By Florida Weekly Staff | on July 01, 2020
BY LAURA TICHY-SMITHBaby sea turtles flying through the air? Fanciful and comical as that idea sounds, it actually takes place sometimes at Juno Beach during the height of sea turtle nesting season.
“By the end of peak season, because we have so many nests, we’ll start seeing turtles digging up other turtles’ nests just because there are so many on the beaches,” said Dr. Justin Perrault, director of research at the Loggerhead Marinelife Center in Juno Beach. “Sometimes, especially when we have high green turtle and high loggerhead years that coincide, you’ll see hatchlings from a nest that were ready to emerge and another mother turtle is digging on top of those and flinging the little hatchlings that are under the sand into the air inadvertently.”
Florida is a globally important nesting site for the loggerhead species, and research indicates Juno Beach may be the loggerheads’ most important nesting beach in the world. While nests number in the tens of thousands on that 9.5-mile stretch of beach, loggerheads — and their cousins the green, leatherback and occasionally the Kemp’s ridley sea turtles — nest on many beaches in Florida, which makes sea turtle and beach habitat protection critically important throughout this state. Some Southwest Florida beaches see nesting that numbers in the hundreds to low thousands each season, but sea turtles even check in at Key West to lay about a half-dozen nests per year. The nesting season is March 1-Oct. 1.
“We’ve never had a turtle nest on top of another nest,” said Denise Bohlig- Capone, who co-founded the volunteer Key West Sea Turtle Club with her husband, Ralph, about eight years ago. “Sea turtles seem to want their own space in Key West. It’s prime real estate, so they all grab their own little bit.”
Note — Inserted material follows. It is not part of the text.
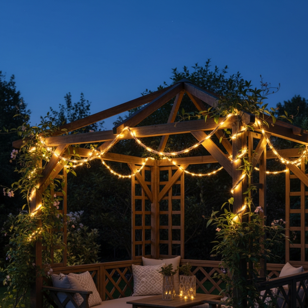 Ši LED girlianda yra praktiškas ir ekonomiškas sprendimas, leidžiantis sukurti jaukų apšvietimą be papildomų elektros išlaidų. Idealiai tinka sezoniniam ir nuolatiniam lauko dekorui.

An uptick of nest numbers in recent years seems to coincide with when various conservation laws went into effect, since sea turtles take up to 30 years to reach reproductive age. Protective laws range from federal endangered species listings and federally mandated turtle drowning prevention devices for nets on American commercial fishing vessels, to state laws protecting turtles from harassment and requiring permits and training to interact with turtles and nests for research purposes, to local beach lighting and seawall setback ordinances to keep the beaches dark and accessible for turtle nesting.